_Data_
++++++++++++++++++++
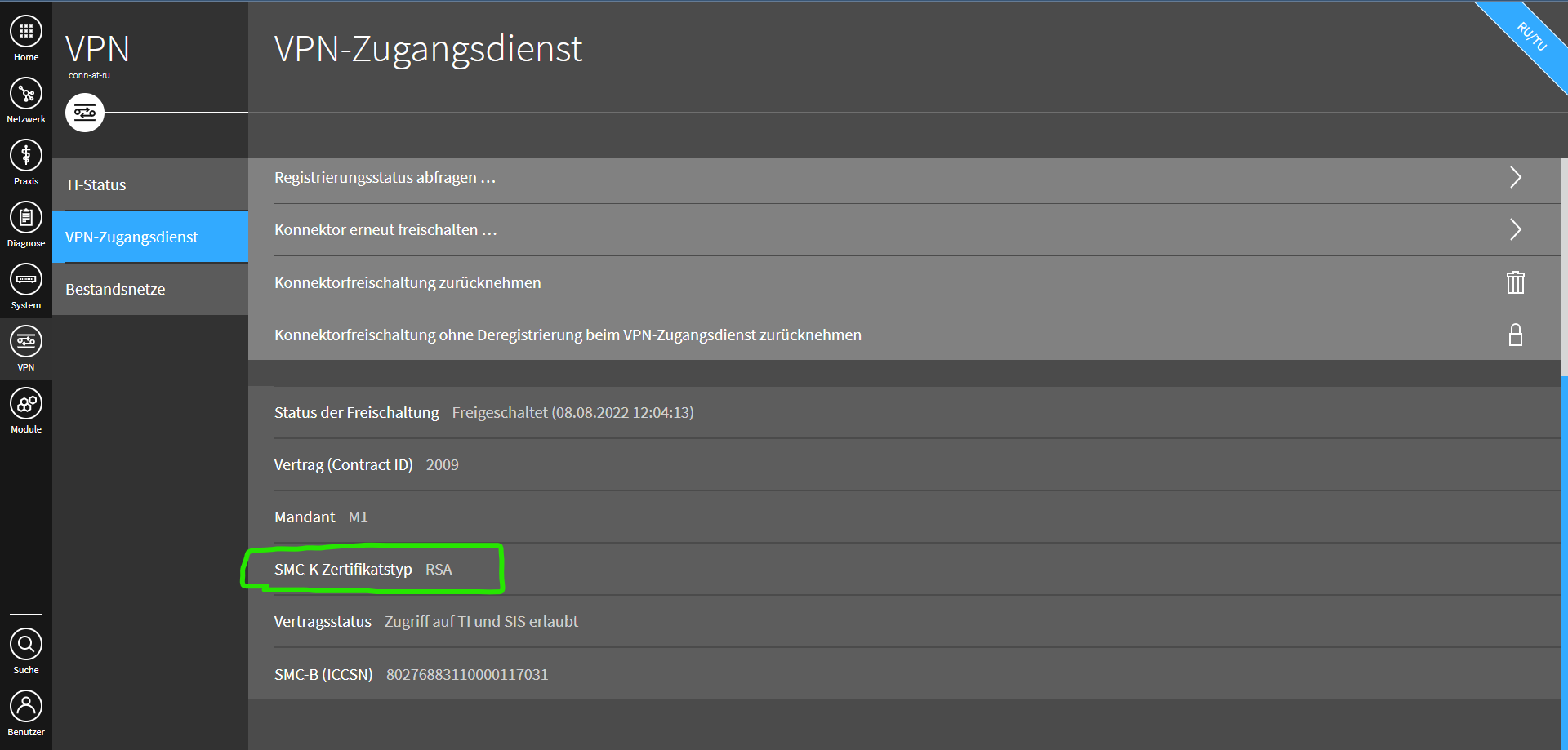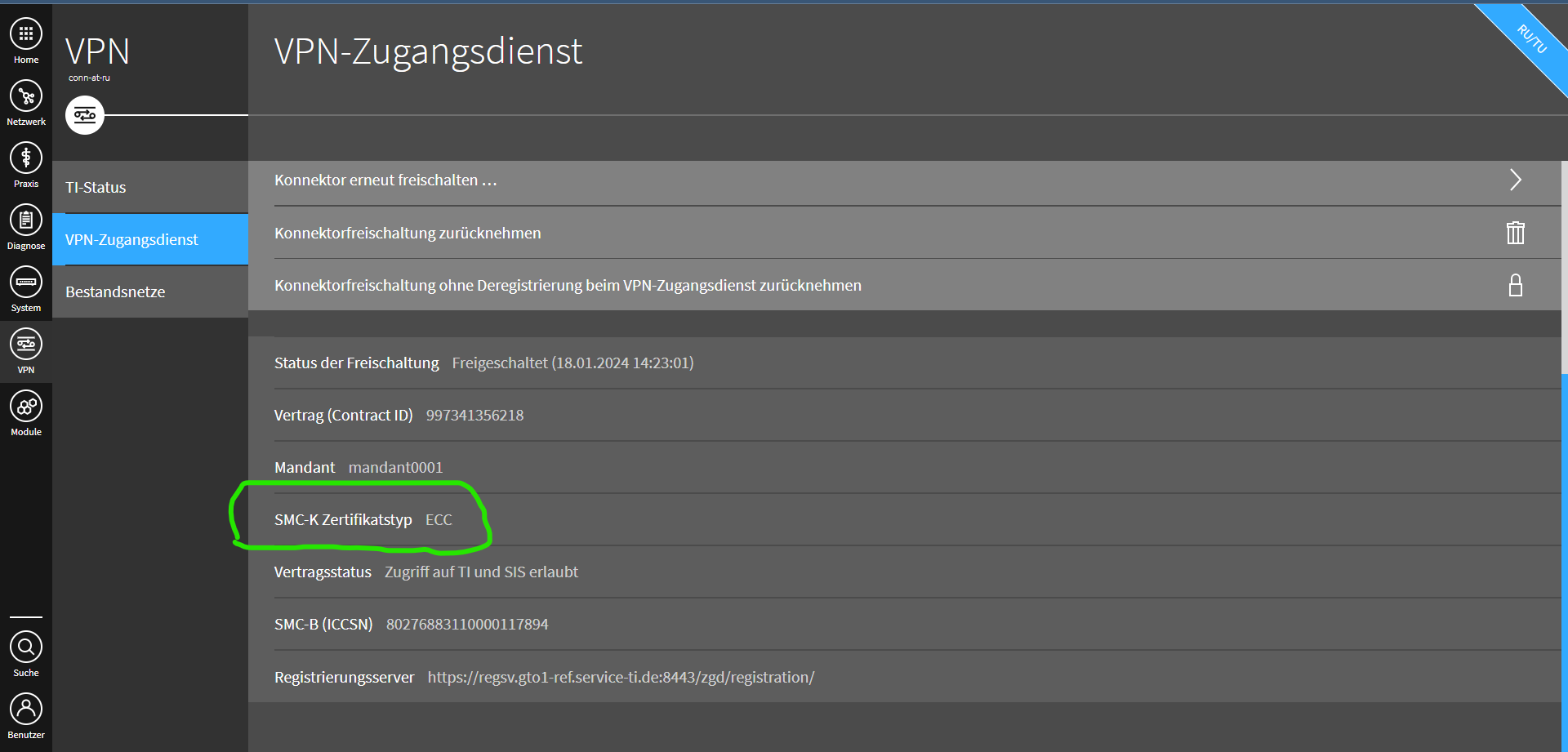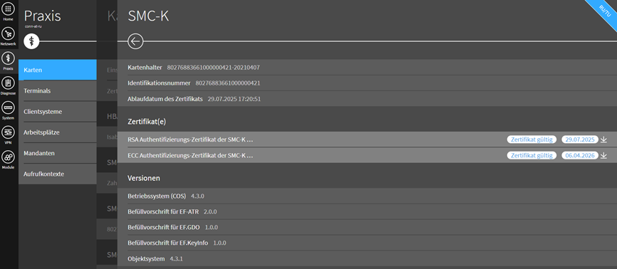 | 2 | Konnektor | Singlepersonalisierte Konnektoren sind nicht nutzbar. | Singlepersonalisierte Konnektoren können nach der RSA-Abschaltung keinen VPN-Tunnel in die TI mehr aufbauen. | Konnektoren mit verbauter G2.0 gSMC-K haben nur RSA Material (kein ECC Material vorhanden). | Keiner verfügbar | Bei Secunet kann in diesem Menü geprüft werden, ob der Konnektor Single- oder Dualpersonalisiert ist (Praxis → Karten): |
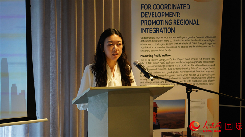 龙源南非公司项目经理关晴发表讲话。人民网 刘畅摄
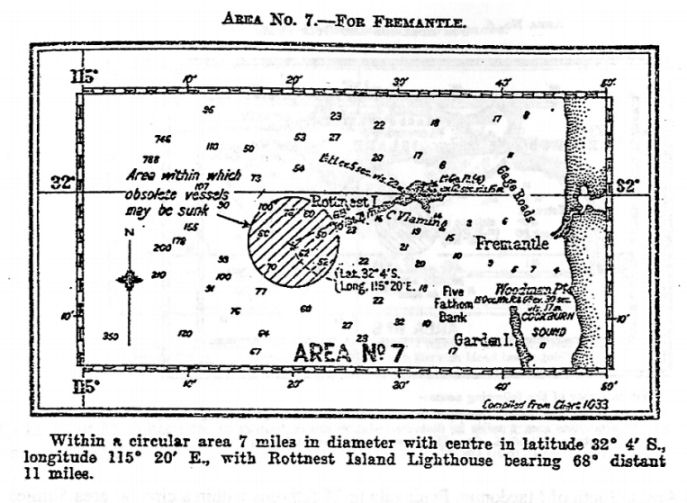 Area No. 7 located southwest of Rottnest Island off the coast of Western Australia near Fremantle is an area 7 miles in diameter about 11 miles away from Rottnest Island Lighthouse designated for the sinking of obsolete vessels. It was declared under the "Beaches, Fishing Grounds and Sea Routes Protection Act 1932".
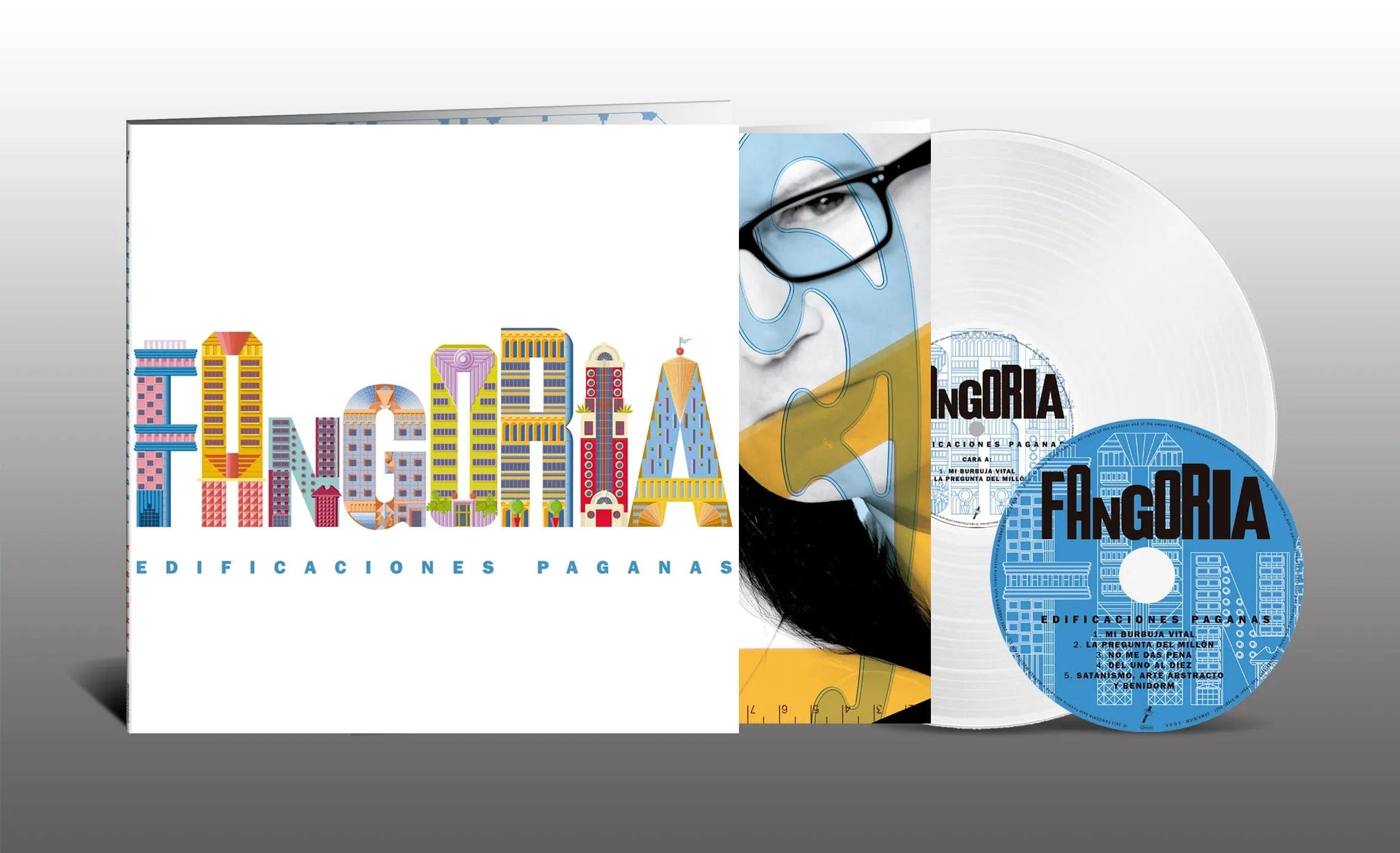 Edificaciones Paganas es el segundo EP (Extended Play, el formato entre Long Play y single) que sacamos tras Existencialismo Pop, y forma parte de la serie de tres que nos propusimos grabar a principios del 2020. De nuevo jugamos con la E y con la P para crear el título. Esta vez es un homenaje a los rascacielos, las torres de apartamentos, los bloques de pisos... Hemos vuelto a colaborar con Alejandro Sergi (de Miranda!) y por primera vez con Santi Capote (de Ellos). La canción que sacamos como single, Mi Burbuja vital, habla de construir, de edificar, pero no edificios de ladrillos sino un metaverso privado, un mundo virtual donde poder desarrollar una vida más interesante y aventurera que la que nos ofrece la realidad. Este es otro de nuestros temas recurrentes, la huida de lo real a través de la imaginación, de la creación de nuestro propio mundo...'alicatar por no desesperar'. Las otras canciones van del Cabaret Electrónico de No me das pena, que grabamos con nuestro colaborador habitual Jon Klein (de Specimen y Siouxsie and the Banshees ), al Tecno Pop de La pregunta del millón y el House Pop noventero de Del uno al diez, las dos producidas con Juan Sueiro. También incluimos la cuarta entrega de la saga Satanismo, Arte abstracto y... Ya la hicimos Rock'n'roll, Tecno Pop y Acid House en el EP anterior. Como este otro EP va de arquitectura, era ideal para cantarle a una de nuestras metrópolis favoritas del mundo : ¡¡Benidorm!! Nos pareció perfecto cerrar el EP con una canción en clave de música Disco setentera dedicada a uno de los centros de edificaciones paganas que más nos gusta. Así nació Satanismo, Arte Abstracto y Benidorm. Del diseño y fotografías de portada se encargó de nuevo Juan Gatti. Nos muestra como concienzudos arquitectos de una realidad inventada. También se implicó en la dirección del videoclip de Mi burbuja vital invocando el espíritu del Ballet Zoom y de las maravillosas galas musicales televisivas de Radio Televisión Española, que colabora cediéndonos estas imágenes de su archivo inagotable. En el metaverso de Fangoria siempre han convivido nuestras filias sin importar su procedencia, fue así en nuestro primer disco y lo sigue siendo en este.
++++++++++++++++++++
_Task details_
The line containing "Area No. 7 located" marks the end; please output exactly the lines of the listing above from its first line through that line, without pictures.

_Your solution_
 | 2 | Konnektor | Singlepersonalisierte Konnektoren sind nicht nutzbar. | Singlepersonalisierte Konnektoren können nach der RSA-Abschaltung keinen VPN-Tunnel in die TI mehr aufbauen. | Konnektoren mit verbauter G2.0 gSMC-K haben nur RSA Material (kein ECC Material vorhanden). | Keiner verfügbar | Bei Secunet kann in diesem Menü geprüft werden, ob der Konnektor Single- oder Dualpersonalisiert ist (Praxis → Karten): |
 龙源南非公司项目经理关晴发表讲话。人民网 刘畅摄
 Area No. 7 located southwest of Rottnest Island off the coast of Western Australia near Fremantle is an area 7 miles in diameter about 11 miles away from Rottnest Island Lighthouse designated for the sinking of obsolete vessels. It was declared under the "Beaches, Fishing Grounds and Sea Routes Protection Act 1932".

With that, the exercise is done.